Double Tax Agreement Thailand China

Inheritance Tax As mentioned in Chapter 15 Other taxes, Thailand came into force for the first time on February 1, 2016, inheritance tax. Thailand`s double taxation agreements do not deal with or mention inheritance tax. Therefore, the question arises as to whether inheritance tax is paid under Thai tax law and whether the deceased`s estate is charged in another country subject to inheritance and estate tax, or vice versa, whether the payment of inheritance tax in the first country is charged on the IHT bill in the second country. The Double Taxation Agreement with other countries applies only to income taxes, namely income tax, corporate tax and mineral oil tax. VAT, the specific business tax and others are excluded. Double taxation occurs when the same reported income is taxed by two or more different legal regimes. This can occur when an individual or business is established or operates in more than one country and is mitigated by double taxation agreements between countries. As a result, income is taxed only once. Avoiding double taxation Treaties generally provide that individuals and businesses in more than one country do not have to pay taxes on the same income or, in the case of double taxation, a credit is granted in the second country for taxes paid in the first country. The Double Taxation Convention applies to both individuals and corporations residing in the contracting states.

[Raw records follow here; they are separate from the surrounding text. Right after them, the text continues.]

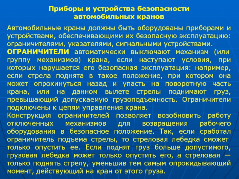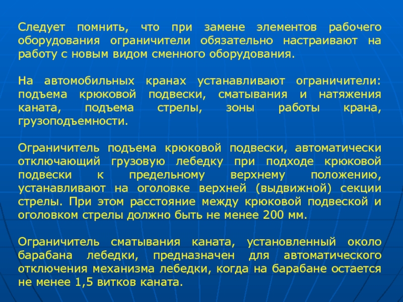 На автомобильных кранах устанавливают ограничители: подъема крюковой подвески, сматывания и натяжения каната, подъема стрелы, зоны работы крана, грузоподъемности.
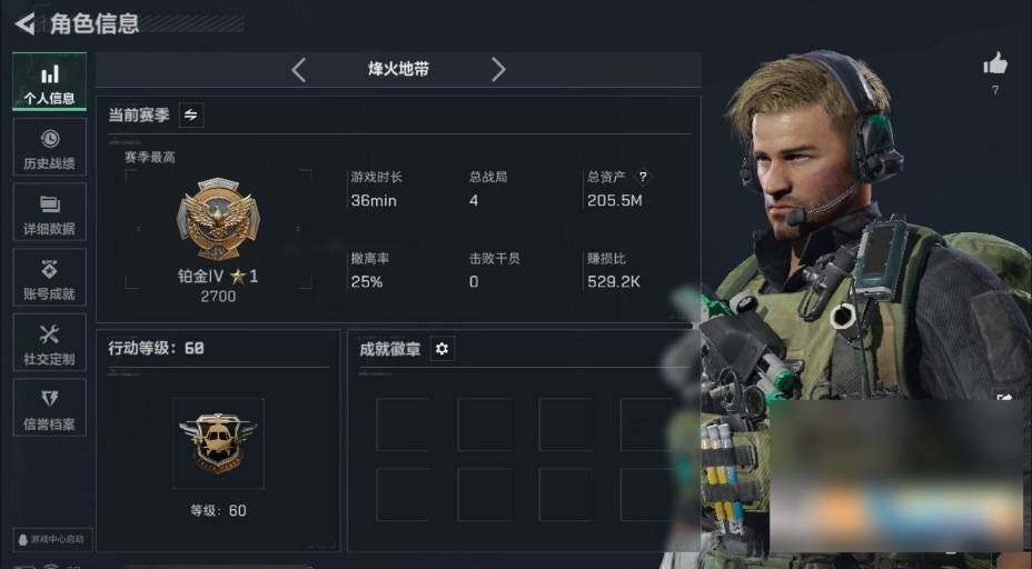 【个人信息】战场等级:1 无军衔,行动等级:60 铂金
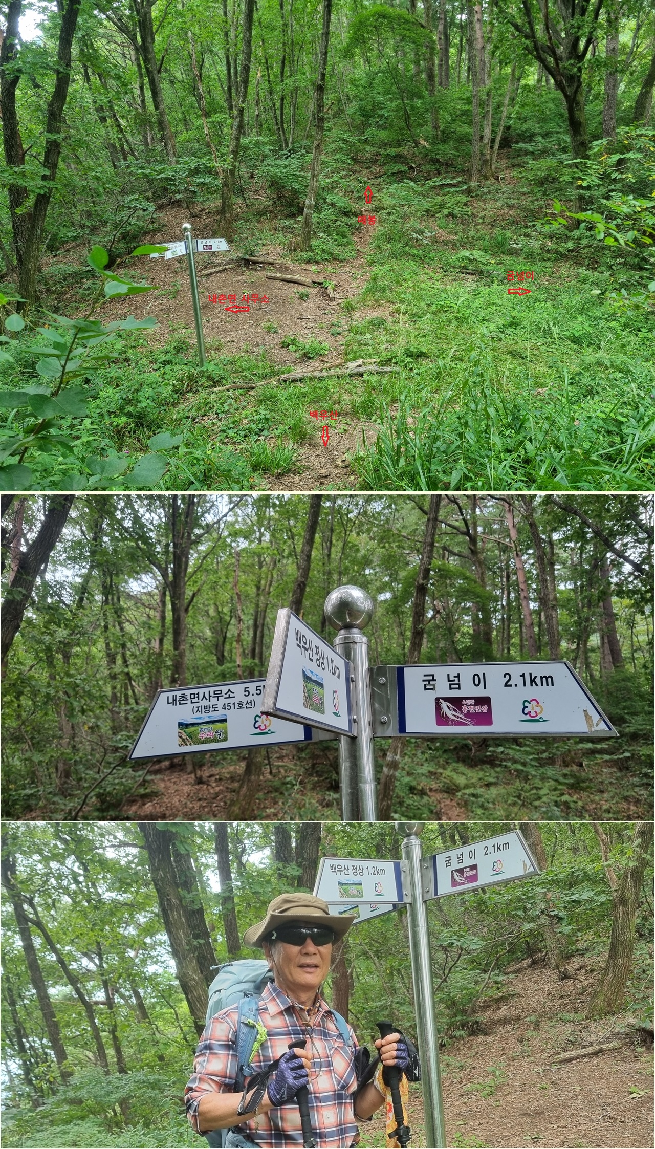 다녀온길:용소계곡주차장-콜택시 이용 가족고개로이동-산행들머리 가족고개-전망대-백우산-군넘이재(사거리)-와폭-큰너래소-용소계곡 구름다리-용소계곡 주차장 원점회귀
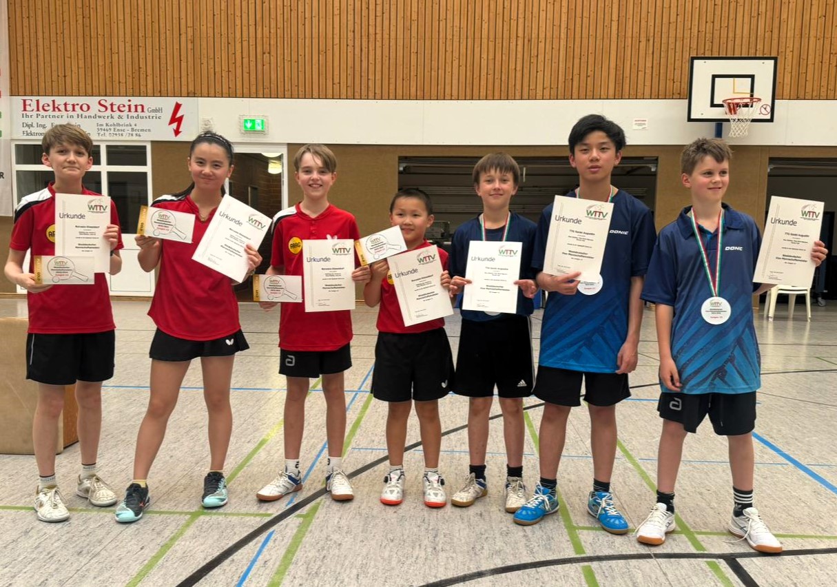 Das Jungen-Team, mit Matthias Jax, Elias Plötzke und Luka He wurde mit Emma Li komplettiert, gewann in der Vorrunde souverän gegen Franz-Sales-Haus Essen mit 4:0 und 4:1 gegen TSVE Bielefeld und traf im Finale auf die TTG St. Augustin (mit Max Mathes, Thanh Binh Nguyen und Moritz Faß), die ebenfalls durch zwei sichere Siege gegen Salzkotten und Nievenheim ins Endspiel einzogen. Die Borussia konnte sich am Ende mit 4:1 durchsetzen, aber das Ergebnis scheint deutlicher als der Spielverlauf, denn direkt das erste Spiel zwischen Jax und Nguyen ging mit 3:1 an Augustin. Und auch Plötzke lag im zweiten Einzel gegen Mathes bereits mit 0:2 in Rückstand, ehe er das Spiel drehte und durch einen 3:2-Sieg für sein Team ausgleichen konnte. Nach einem deutlichen Sieg von Emma Li, musste auch das Doppel Li/Jax über die volle Distanz gehen, ehe der Punkt zum 3:1-Zwischenstand eingefahren wurde. Den Siegpunkt holte dann Abwehrspieler Matthias Jax durch einen deutlichen 3:0-Erfolg gegen Mathes.
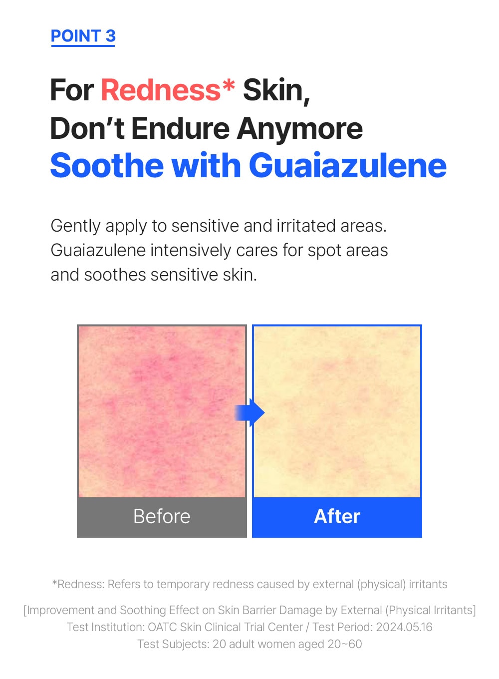 - Centella Asiatica, Juniper Berry, and Ginseng Berry extracts help fortify the skin barrier and defend against external irritants.
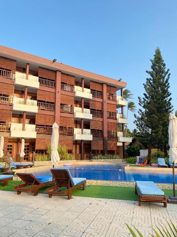 There is a clean swimming pool, great for swimming. The staff is lovely and enthusiastic. Arrived early on Friday, so I was able to check in and get my room early at 12 PM. The beach is clean and beautiful. There is a nice view of the sea. The buffet has fewer dishes compared to larger resorts, but every dish is delicious. It's a small but cozy resort. You can take numerous great pictures here. There is a car parking area in front of the resort. Negative points: they offer car rentals, but the car is a 50cc, which is very weak and hard to start. The water pressure in the shower is low. The lights in the room are dim, and there are no bright lights.

To qualify for contractual benefits, the person must be as follows: Thailand first introduced a double taxation agreement in 1963 (with Sweden) and since then has significantly increased the list. Currently, 55 countries have a mutual double taxation agreement with Thailand: in essence, qualified persons are more favourable for Thai tax purposes than under national law. If people in Thailand generate income but do not have a stable establishment in the country, their corporate income tax is exempt. In addition, under double taxation agreements, withholding tax on income paid to foreign legal entities that do not do business in Thailand may be reduced or exempt. Tax treaties aim to avoid double taxation and prevent tax evasion. As a general rule, they offer a means of granting a double payment of taxes on the same income to a person who has income that would normally be taxed in more than one country, or a tax credit for the tax paid in one country against the tax debt of a taxpayer in another country. In addition to providing benefits to taxpayers, double taxation agreements also provide for cooperation between governments in the prevention of tax evasion. Nationality Requirements In general, the nationality of the subject is not important for determining tax benefits under a tax treaty. Foreigners who have paid taxes in a tax country can generally benefit from the benefits of the contract, regardless of their nationality. 57. United States (only the 50 states and the District of Columbia) – 1997 If there is no stable establishment, only certain income categories, such as interest, dividends and royalties, can be taxed in the country where income is generated.

In most cases, the tax rate on these incomes is generally reduced from the tax rate for residents from non-conventional countries.